Exercise details:
Repeat everything in the data exactly except images.

━━━━━ Data records ━━━━━

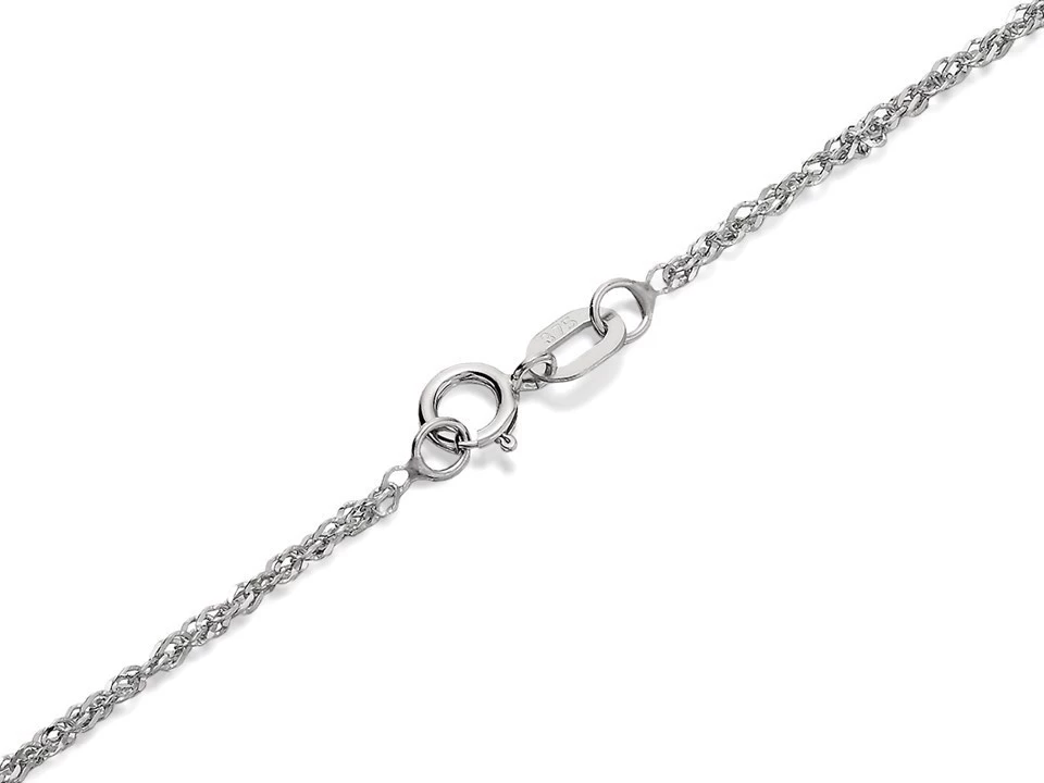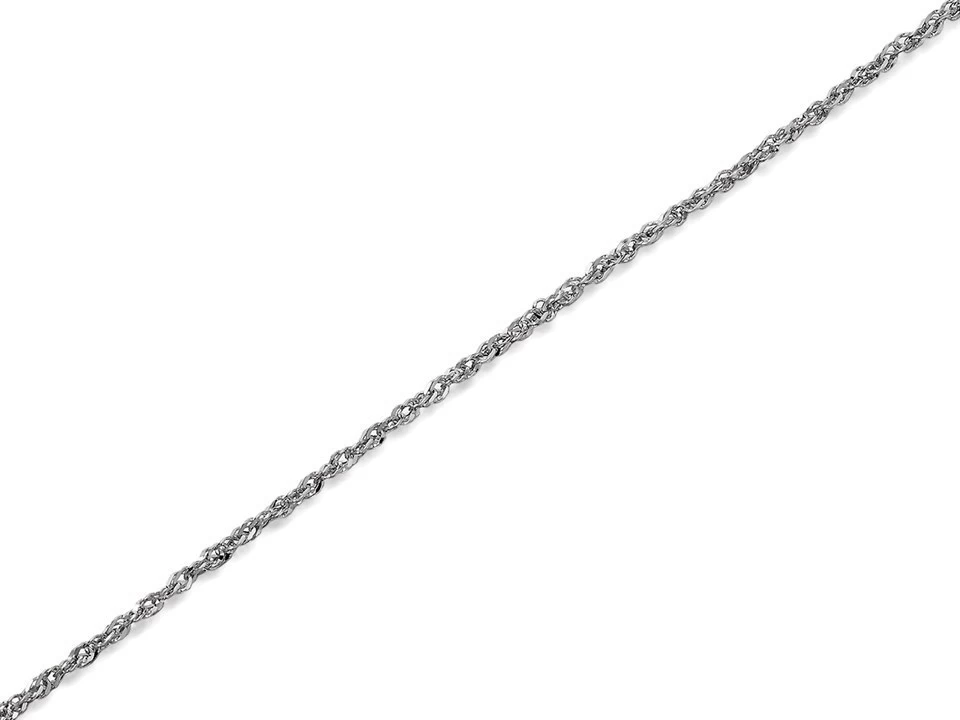 A 16in/40.5cm x 1mm wide white gold solid Singapore chain suitable for many pendants, or fantastic worn singly.
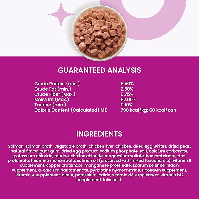 - Salmon is #1 Ingredient - Since the dawn of time, cats have loved their protein—so that’s why this dish is packed with delicious, succulent chunks of the good stuff: sustainably-sourced salmon.
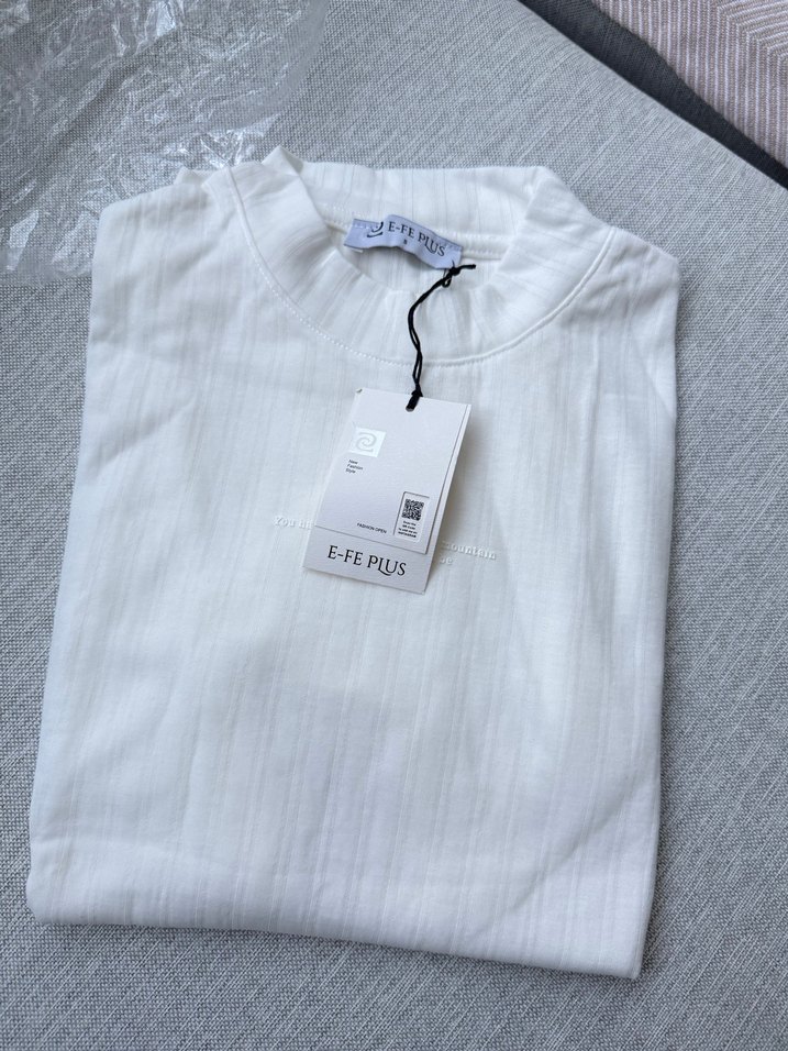 Beyaz keten kumaştan, kısa kollu, yuvarlak yakalı, bol kesim kadın bluz. Pliseli dokusu ve normal boyu ile günlük kullanıma uygundur. Marka: E-FEPLUS.
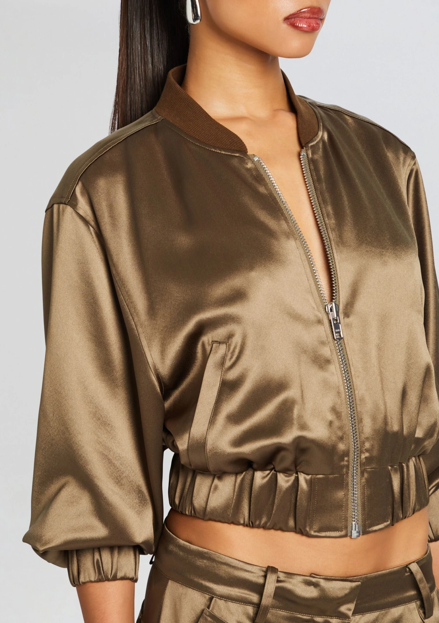 Make a bold statement with our Wes Jacket, the perfect addition to your wardrobe for those who crave both style and functionality. This jacket boasts a cuffed hem and cuffed sleeves, adding a touch of sophistication to your ensemble. The front zip up closure offers ease and convenience, while the versatile green hue adds a pop of color to any outfit. Whether you’re heading out for a casual day or a night on the town, this bomber jacket is sure to turn heads and make you stand out from the crowd. Shown here in Military Green.
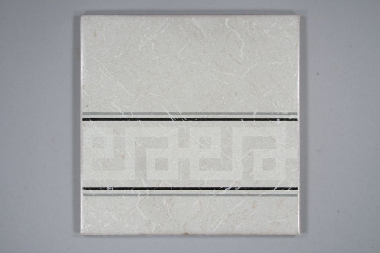 e: "Paros Grigio 2" decorata con una fascia dai motivi greci;
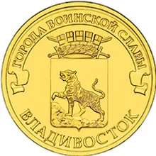 Coins from base metal of yellow colour of 10 rubles denomination dedicated to Vladivostok replenished the series "Cities of Military Glory". It is issued into circulation in 10 million items, the press service of the Bank of Russia informs.
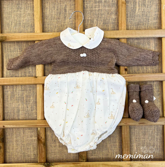 252-4595 Combinaison tricotée avec tissu en oie
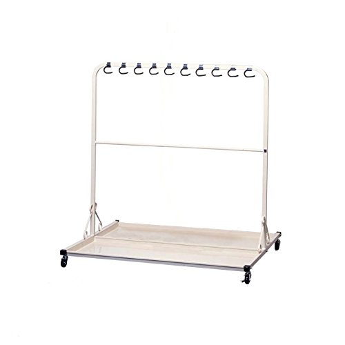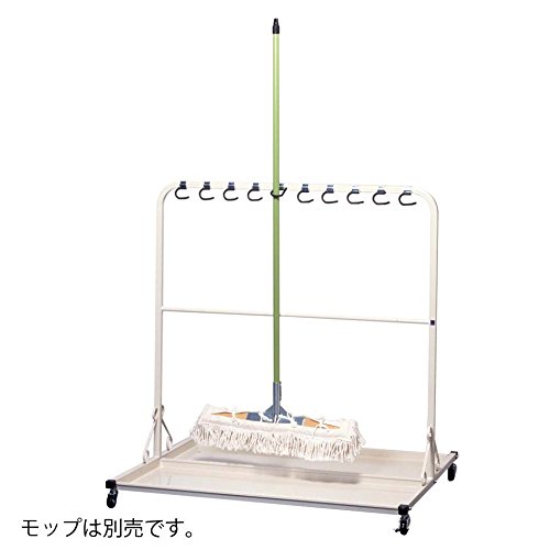 ミヅシマ工業 モップ掛台 070-0100 ●柄にフックや引っ掛けひもがなくても柄自身の重さによって固定が可能なモップ掛台です。 ●受皿付きですのでモップ保管時に床にゴミが落ちません。 ■学校、病院、公共施設、レジャー施設、複合施設等 ●清掃用品:モップ ●キャスター付 ●お客様組立製品サイズ:間口1150mm×奥行1010mm×高さ1200mm 重量:約18.4KG 材質:●スチール(メラミン焼付塗装)

━━━━━

Reply to the exercise:
 A 16in/40.5cm x 1mm wide white gold solid Singapore chain suitable for many pendants, or fantastic worn singly.
 - Salmon is #1 Ingredient - Since the dawn of time, cats have loved their protein—so that’s why this dish is packed with delicious, succulent chunks of the good stuff: sustainably-sourced salmon.
 Beyaz keten kumaştan, kısa kollu, yuvarlak yakalı, bol kesim kadın bluz. Pliseli dokusu ve normal boyu ile günlük kullanıma uygundur. Marka: E-FEPLUS.
 Make a bold statement with our Wes Jacket, the perfect addition to your wardrobe for those who crave both style and functionality. This jacket boasts a cuffed hem and cuffed sleeves, adding a touch of sophistication to your ensemble. The front zip up closure offers ease and convenience, while the versatile green hue adds a pop of color to any outfit. Whether you’re heading out for a casual day or a night on the town, this bomber jacket is sure to turn heads and make you stand out from the crowd. Shown here in Military Green.
 e: "Paros Grigio 2" decorata con una fascia dai motivi greci;
 Coins from base metal of yellow colour of 10 rubles denomination dedicated to Vladivostok replenished the series "Cities of Military Glory". It is issued into circulation in 10 million items, the press service of the Bank of Russia informs.
 252-4595 Combinaison tricotée avec tissu en oie
 ミヅシマ工業 モップ掛台 070-0100 ●柄にフックや引っ掛けひもがなくても柄自身の重さによって固定が可能なモップ掛台です。 ●受皿付きですのでモップ保管時に床にゴミが落ちません。 ■学校、病院、公共施設、レジャー施設、複合施設等 ●清掃用品:モップ ●キャスター付 ●お客様組立製品サイズ:間口1150mm×奥行1010mm×高さ1200mm 重量:約18.4KG 材質:●スチール(メラミン焼付塗装)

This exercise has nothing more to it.